Big Data BootCamp: Highlights of talks on Day 3
Highlights from the presentations by big data technology practitioners from Hortonworks, Intel, Rackspace, SciSpike, and Yahoo at Big Data Bootcamp 2014 in Santa Clara.

Despite the great quality of content as well as speakers, it is hard to grasp all the information during the bootcamp itself. KDnuggets helps you by summarizing the key insights from all the sessions at the bootcamp. These concise, takeaway-oriented summaries are designed for both – people who attended the bootcamp but would like to re-visit the key sessions for a deeper understanding and people who could not attend the bootcamp. As you go through it, for any session that you find interesting, check KDnuggets as we would soon publish exclusive interviews with some of these speakers.
In case you missed: Highlights of talks on Days 1-2 (Apr 23-24)
Here are highlights from selected talks on day 3 (Fri Apr 25):

He explained how Tez design themes empower end users and gain performance advantage over Map Reduce with optimal resource management. Talking about the current status of Tez, he said it is currently an Apache Incubator Project and is under rapid development. For now, focus is on stability and support for a vast topology of DAGs. On its roadmap the next focus areas are richer DAC support, performance optimizations and usability.
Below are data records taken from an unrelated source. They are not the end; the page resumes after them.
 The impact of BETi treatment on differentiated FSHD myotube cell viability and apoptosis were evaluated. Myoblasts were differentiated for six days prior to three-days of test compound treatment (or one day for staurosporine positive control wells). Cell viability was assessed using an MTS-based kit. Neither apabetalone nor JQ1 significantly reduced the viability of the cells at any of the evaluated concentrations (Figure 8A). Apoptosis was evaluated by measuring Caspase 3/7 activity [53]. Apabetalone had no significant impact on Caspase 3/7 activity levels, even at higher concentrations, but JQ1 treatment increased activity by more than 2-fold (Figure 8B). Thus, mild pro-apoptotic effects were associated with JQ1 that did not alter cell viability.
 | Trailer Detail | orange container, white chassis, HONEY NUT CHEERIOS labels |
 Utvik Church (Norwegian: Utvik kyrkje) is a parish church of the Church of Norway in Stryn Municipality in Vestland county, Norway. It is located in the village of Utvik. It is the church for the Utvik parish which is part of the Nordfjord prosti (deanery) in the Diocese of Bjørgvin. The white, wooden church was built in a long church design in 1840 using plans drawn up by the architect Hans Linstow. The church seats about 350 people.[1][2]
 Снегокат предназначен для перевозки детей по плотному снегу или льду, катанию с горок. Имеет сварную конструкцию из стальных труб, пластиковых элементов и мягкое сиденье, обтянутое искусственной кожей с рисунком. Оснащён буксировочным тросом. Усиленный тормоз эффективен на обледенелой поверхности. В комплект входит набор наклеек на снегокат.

He mentioned some of the legacy architecture pain points such as increasing data volumes and scale, high report arrival latency, lack of interactive SQL, etc. Spark solves need for interactive data processing at REPL and SQL levels. Now developers are no more restricted by Hadoop MapReduce paradigm. Spark involves less code (up to 2-5x) and deep integration into Hadoop ecosystem. Spark is an open source distributed SQL query engine for Hadoop data. Common HiveQL provides seamless federation between Hive and Shark. He explained Spark on YARN model. He ended the talk discussing some of upcoming contributions by Yahoo: fix scheduling performance issues, handle large number of small splits, handle master fault tolerance and many others.

He claimed that the basic techniques for large scale simulation and computing are ready. However, large and time-consuming computing tasks need steering and most of them have a large number of parameters that needs to be tuned. Smart data processing algorithms are ready. However, most of data mining algorithms have high computational complexity i.e. polynomial rather than logarithmic or linear. At the end, expertise is more important than the tool and data is definitely not a replacement for intuition and intelligence.
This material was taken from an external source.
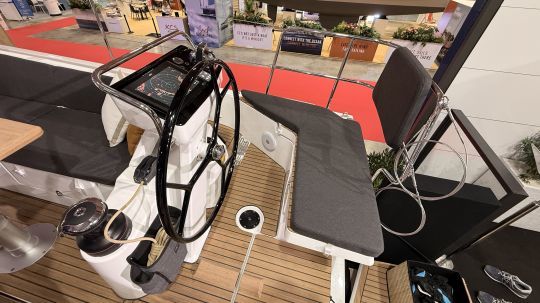 Côté pratique, Jeanneau propose une table à cartes avec un siège de nav' particulier. il s'allonge pour se transformer en sofa/liseuse avec même un petit coussin appuie-tête sur le haut. Essayé au salon cela semble pertinent. A voir à l'usage en mer.

Next, he put forward some typical use-cases for each NoSQL store category. He mentioned that some of the challenges of NoSQL are: no standards, no typical schema and systems targeting specific areas. Next, he explained the MapReduce Programming Model and best practices to create MapReduce jobs. Talking of Slume, he described it as a distributed streaming tool for collecting, aggregating and moving large amounts of log data. It is horizontally scalable and centrally managed with tunable data reliability. At the end, he restated the important recommendations: use the most suitable technology for one’s task, scale out to crunch big data and integrate with conventional technologies.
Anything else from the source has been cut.